First, end users are going to want to know why the model is giving its prediction, and, if you used the wrong algorithm, this is impossible. Black-box models use algorithms that are inherently unknowable. Then, even if you can give the business explanations, the user may feel uncomfortable with that 80% accuracy number. "What does that mean?", they will ask.

Visualizations are key to relieving some of their fears. For your basketball model, you decide to simply show the business pictures of the players they should draft, along with some simple graphs showing how many players our model accurately predicted would be NBA stars and how many European NBA stars our model failed to predict.

Putting it all together

You now know what machine learning is, how it differs from traditional software development, and the five steps inherent to any machine learning project. Unfortunately, many people in the industry do not understand any of these things. Most businesses are new to data science. Many businesses believe that data science is much more similar to software development than it is, and this interferes with the machine learning project process.

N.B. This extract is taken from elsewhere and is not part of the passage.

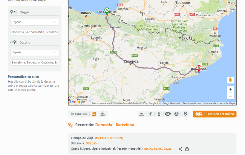 Расстояние между Сан-Себастьяном и Барселоной составляет 403 километра или 250 миль по прямой и 566 километров или 352 мили по автодорогам.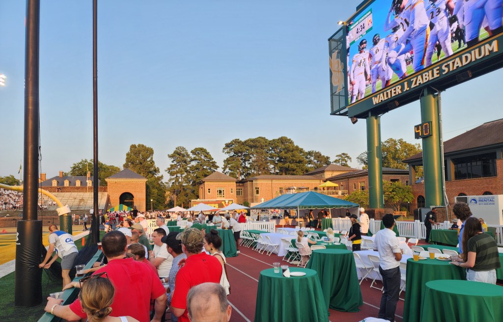 Another component about the venue that I found interesting was just how much space the 3 private venues took up in comparison to where I was sitting. I would wager that half of the space was closed off by fencing for someone with a general TD Club ticket. If you thought the Tailgate Terrace was packed during Homecoming in year’s past, well, things could get very tight very quick for 2024.

End users are confused by data scientists' questions because they don't realize that the data scientist is trying to translate their business problem into a machine learning problem. IT is confused as to why data scientists ask for access to so much data because they don't realize that data scientists don't know what data they will need before trying it out. Management is confused as to why their data scientists spend so little time building models and so much time cleansing and transforming data.

Thus, steps 1 and 2 of the machine learning process often take longer than expected. Business users fail to communicate their business problem to data scientists in a useful way, IT is slow to grant data scientists access to data, and data scientists struggle with understanding the data they receive. Step 5 is also complicated because end users expect models to be perfectly explainable like a typical software program, and earning their trust takes time.

Given that misinterpretation slows down the other steps, the rest of the data science process must be fast for companies to see ROI. Transforming data and training models is the core of data science work, after all. It is exactly what they were trained to do and it should be fast. As we shall see in the next section, this is rarely the case.